Exercise requirements ▸
Without changing a word, repeat the data, and include no pictures.

Data ▸
+++++

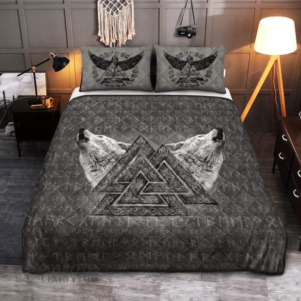 With its design inspired by Norse mythology, our Wolf With Valknut And Rune Viking quilt set captures the essence of the Viking spirit. Introduce this piece into your space and confidently display your style.
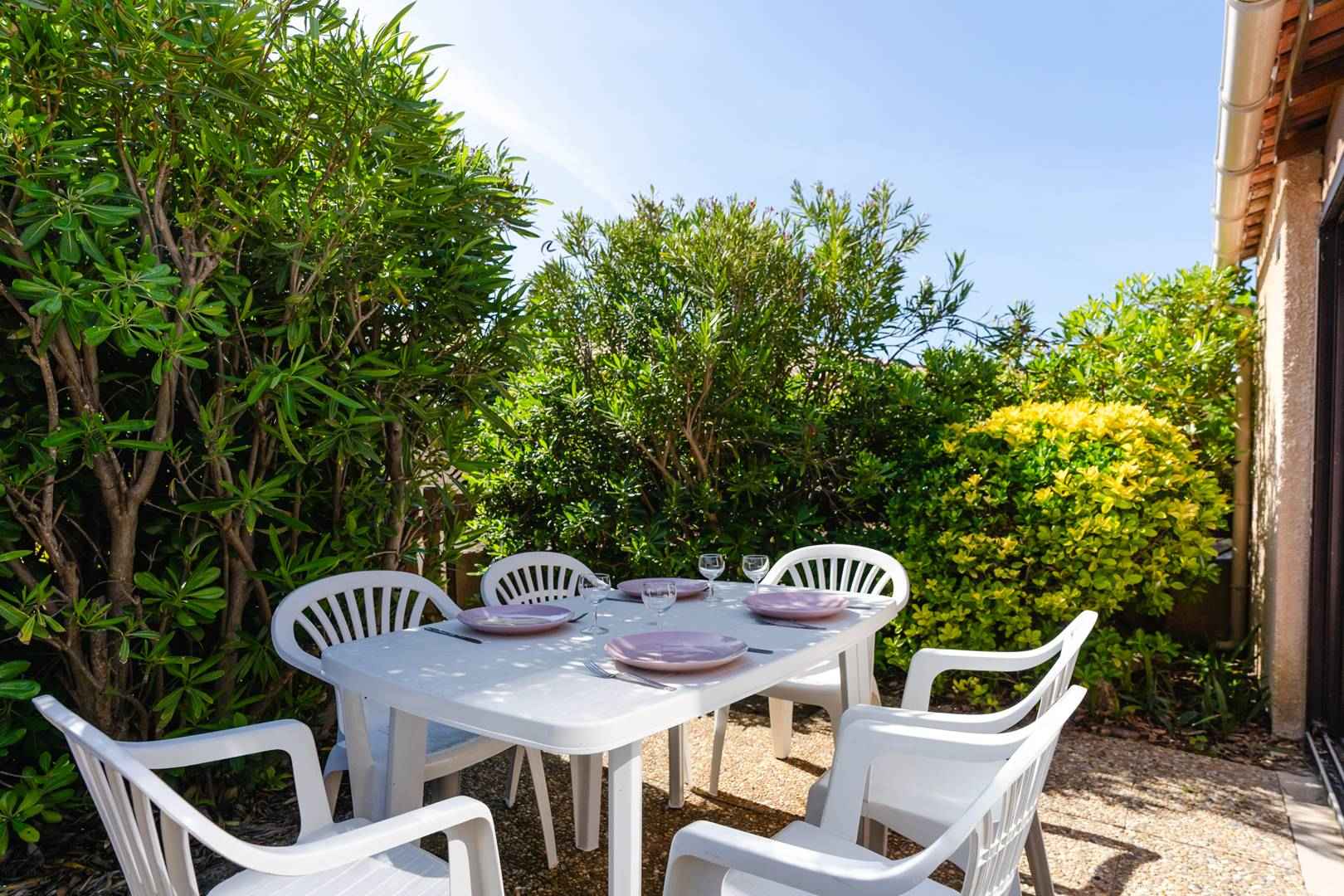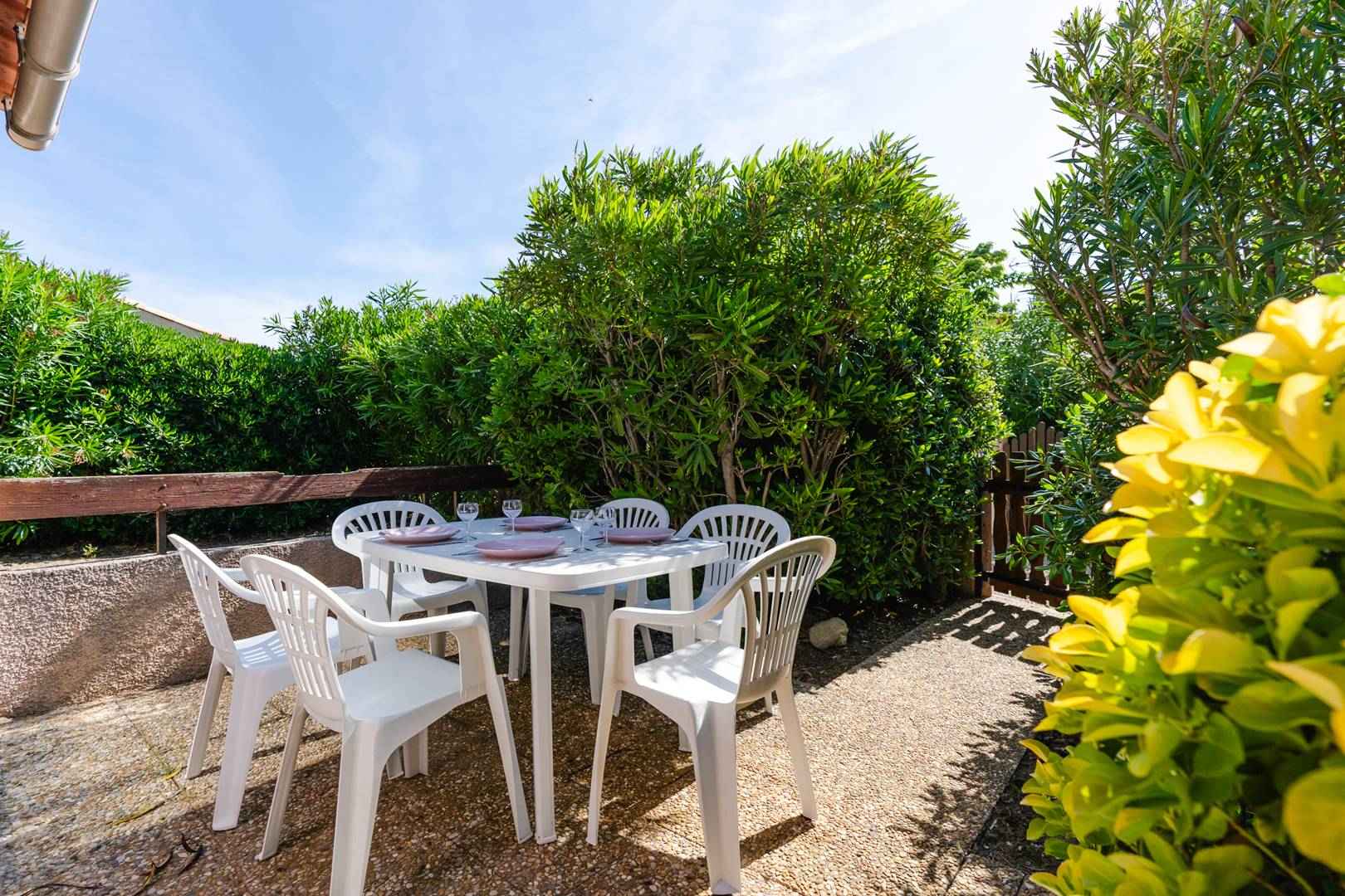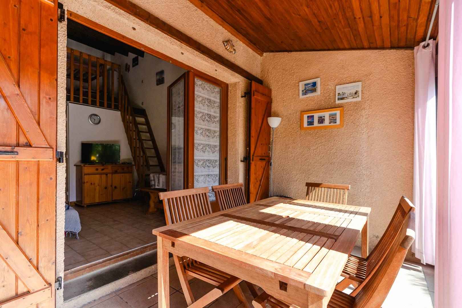 détente (lave-linge, fauteuils, table basse), d'un coin-cuisine (four, micro-ondes, réfrigérateur, lave-linge, cafetière), d'un séjour avec canapé-convertible (140x190cm), TV (chaînes françaises), table à manger donnant accès à une véranda et une agréable terrasse (table et chaises de jardins, barbecue, parasol).
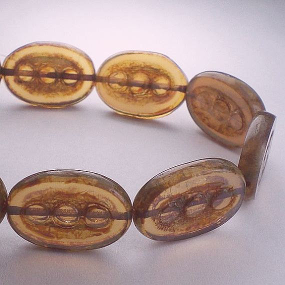 A very pale pink opalite base with amber picasso on an oval dot bead. These translucent Czech glass beads have an organic carved pattern. The picasso finish emphasizes the design. Wonderful for all types of jewelry designs. Rustic and inspiring!

+++++

Answer to the problem ▸
 With its design inspired by Norse mythology, our Wolf With Valknut And Rune Viking quilt set captures the essence of the Viking spirit. Introduce this piece into your space and confidently display your style.
 détente (lave-linge, fauteuils, table basse), d'un coin-cuisine (four, micro-ondes, réfrigérateur, lave-linge, cafetière), d'un séjour avec canapé-convertible (140x190cm), TV (chaînes françaises), table à manger donnant accès à une véranda et une agréable terrasse (table et chaises de jardins, barbecue, parasol).
 A very pale pink opalite base with amber picasso on an oval dot bead. These translucent Czech glass beads have an organic carved pattern. The picasso finish emphasizes the design. Wonderful for all types of jewelry designs. Rustic and inspiring!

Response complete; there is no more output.